Every year, tens of millions of women get pelvic exams. A new report is questioning the need for such annual tests in healthy women who have no symptoms of disease. It's from a panel of experts from the U.S. Preventive Services Task Force, the same body that makes recommendations on Pap smears, which remain unchanged. NPR's Patti Neighmond explains.

PATTI NEIGHMOND, BYLINE: For most women over 21, the yearly pelvic exam is routine. Doctors examine internal and external reproductive organs to make sure there are no abnormalities. Dr. Kirsten Bibbins-Domingo chaired the task force.

KIRSTEN BIBBINS-DOMINGO: Probably the reason that physicians say most often that they think a pelvic exam may be important is for detection of ovarian cancer.

NEIGHMOND: But no studies have shown that to be true, and that's exactly the kind of evidence the task force was looking for. They wanted to know if there was any scientific data proving that the yearly pelvic exam helped detect disease.

BIBBINS-DOMINGO: We basically concluded that we didn't have enough evidence to recommend for or against the pelvic exam.

NEIGHMOND: Which is why the task force calls for more research to help figure out potential benefits and harms. In the meantime, Bibbins-Domingo says women should consult with their doctor about whether a pelvic exam is warranted.

BIBBINS-DOMINGO: If a woman has concern about anything going on with her body, she should absolutely schedule a visit with her doctor, and doctors should do the appropriate exams to understand symptoms that patients have.

NEIGHMOND: Symptoms such as unexpected bleeding or pain. In an editorial published along with the new policy, OB-GYN George Sawaya with the University of California, San Francisco, says while there may be no proven benefit to the yearly exam, there is a downside - false alarms.

GEORGE SAWAYA: There is certainly a possibility that we're going to find an abnormality that's going to lead to more tests.

NEIGHMOND: Which is the case for as many as 8 percent of all women who have a pelvic exam, and further testing can raise more suspicions.

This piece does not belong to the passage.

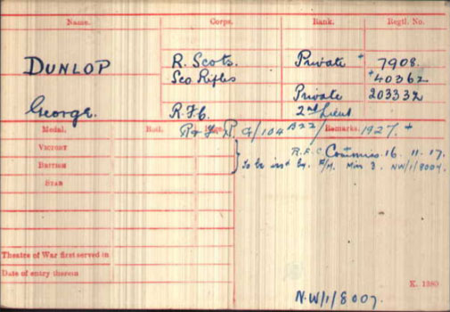 1916 Aug. G Dunlop 2908 (not 7908) A Company 9th Royal Scots to the western front August 1916.

And for these women, up to one-third of patients end up having surgery.

SAWAYA: And most of these were for conditions that were not cancerous, so we could think about those as being false positives and unnecessary surgeries.

NEIGHMOND: Along with all the anxiety and worry about a potential cancer diagnosis. Sawaya says the timing was good to take a closer, more evidence-based look at the value of the pelvic exam.

SAWAYA: We live in an era where it's really important for us to make sure we have really excellent evidence when it comes to prevention because we don't want to harm well people in the present in our pursuit of trying to make them weller (ph) in the future.

NEIGHMOND: The American College of Obstetricians and Gynecologists still recommend annual pelvic exams for women 21 and older but in light of the task force findings plan to evaluate whether it needs to update its guidance. It's important to note the recommendation is not about the Pap smear which is often done along with the pelvic exam. The Pap smear is a proven and highly effective screening test for cervical cancer. The task force recommends women ages 21 to 65 have a Pap smear every three to five years. Patti Neighmond, NPR News.